* [Required work]:
The reply should hold only the lines from the one with "總部綜合管理辦公室通知內(n" to the one with "雞蛋通過(guò)自動(dò", both ends kept, exactly as they appear below, without any pictures.

* [Supplied material]:
################

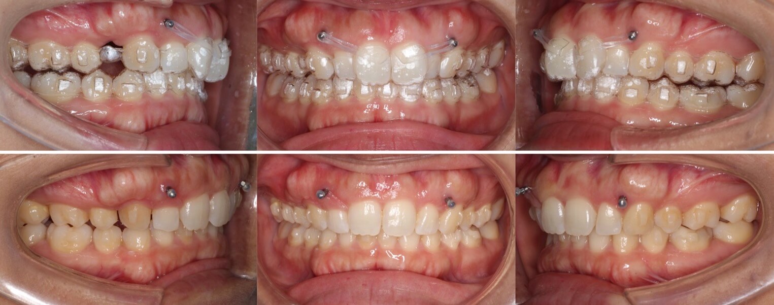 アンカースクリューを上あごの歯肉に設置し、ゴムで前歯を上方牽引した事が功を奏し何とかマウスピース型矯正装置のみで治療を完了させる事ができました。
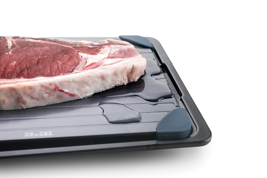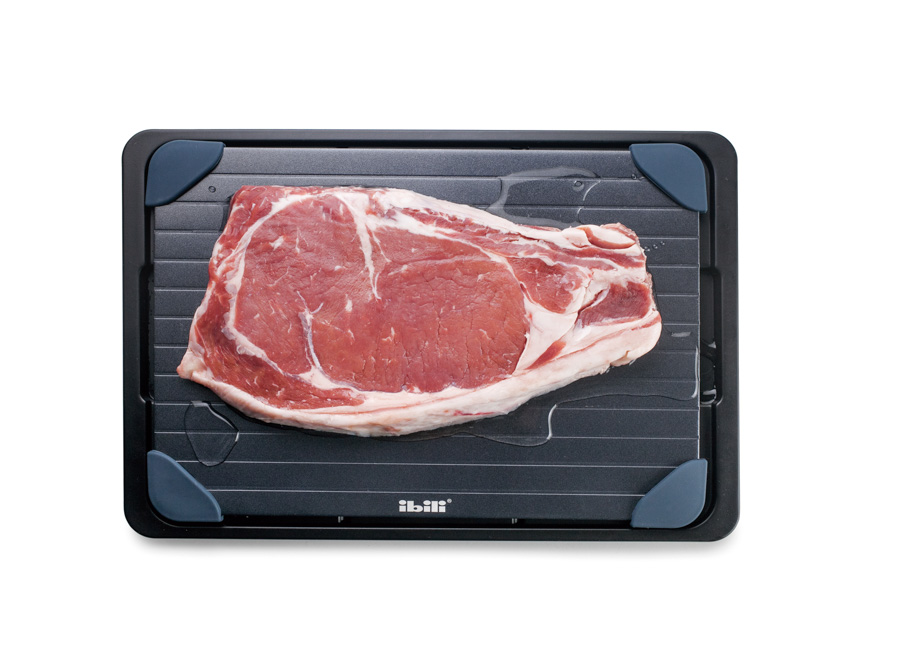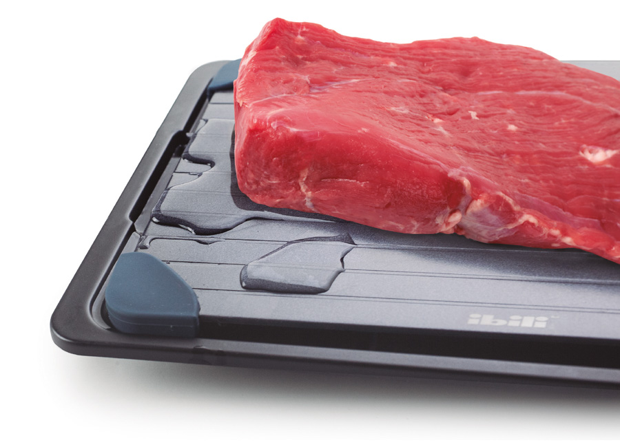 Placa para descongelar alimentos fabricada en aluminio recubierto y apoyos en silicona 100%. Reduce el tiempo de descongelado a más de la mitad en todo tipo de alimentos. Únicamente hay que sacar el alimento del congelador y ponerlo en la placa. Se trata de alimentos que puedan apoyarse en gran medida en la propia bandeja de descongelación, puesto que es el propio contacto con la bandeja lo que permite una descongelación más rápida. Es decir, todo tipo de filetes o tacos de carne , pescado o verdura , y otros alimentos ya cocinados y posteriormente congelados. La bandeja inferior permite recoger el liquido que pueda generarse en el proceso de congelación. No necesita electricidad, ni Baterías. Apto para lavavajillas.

################

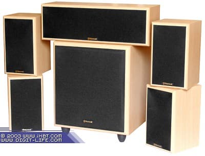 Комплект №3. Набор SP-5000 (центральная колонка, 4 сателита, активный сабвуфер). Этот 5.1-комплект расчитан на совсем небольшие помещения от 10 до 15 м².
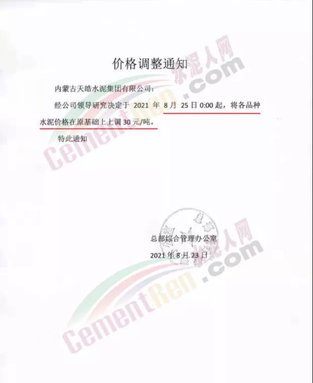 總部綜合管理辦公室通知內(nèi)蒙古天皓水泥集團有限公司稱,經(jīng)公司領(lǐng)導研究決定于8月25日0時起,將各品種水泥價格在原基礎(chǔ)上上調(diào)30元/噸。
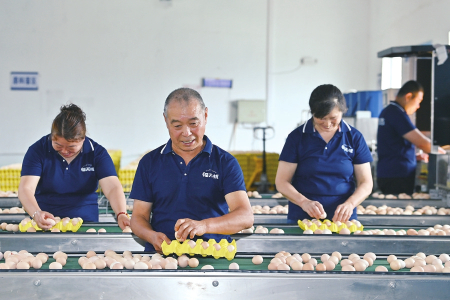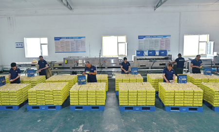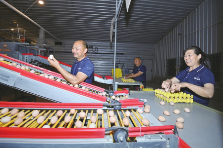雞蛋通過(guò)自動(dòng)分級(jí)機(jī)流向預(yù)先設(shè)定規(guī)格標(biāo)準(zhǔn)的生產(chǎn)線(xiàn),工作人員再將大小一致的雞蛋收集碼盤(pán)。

################

* [Answer for this exercise]:
 總部綜合管理辦公室通知內(nèi)蒙古天皓水泥集團有限公司稱,經(jīng)公司領(lǐng)導研究決定于8月25日0時起,將各品種水泥價格在原基礎(chǔ)上上調(diào)30元/噸。
雞蛋通過(guò)自動(dòng)分級(jí)機(jī)流向預(yù)先設(shè)定規(guī)格標(biāo)準(zhǔn)的生產(chǎn)線(xiàn),工作人員再將大小一致的雞蛋收集碼盤(pán)。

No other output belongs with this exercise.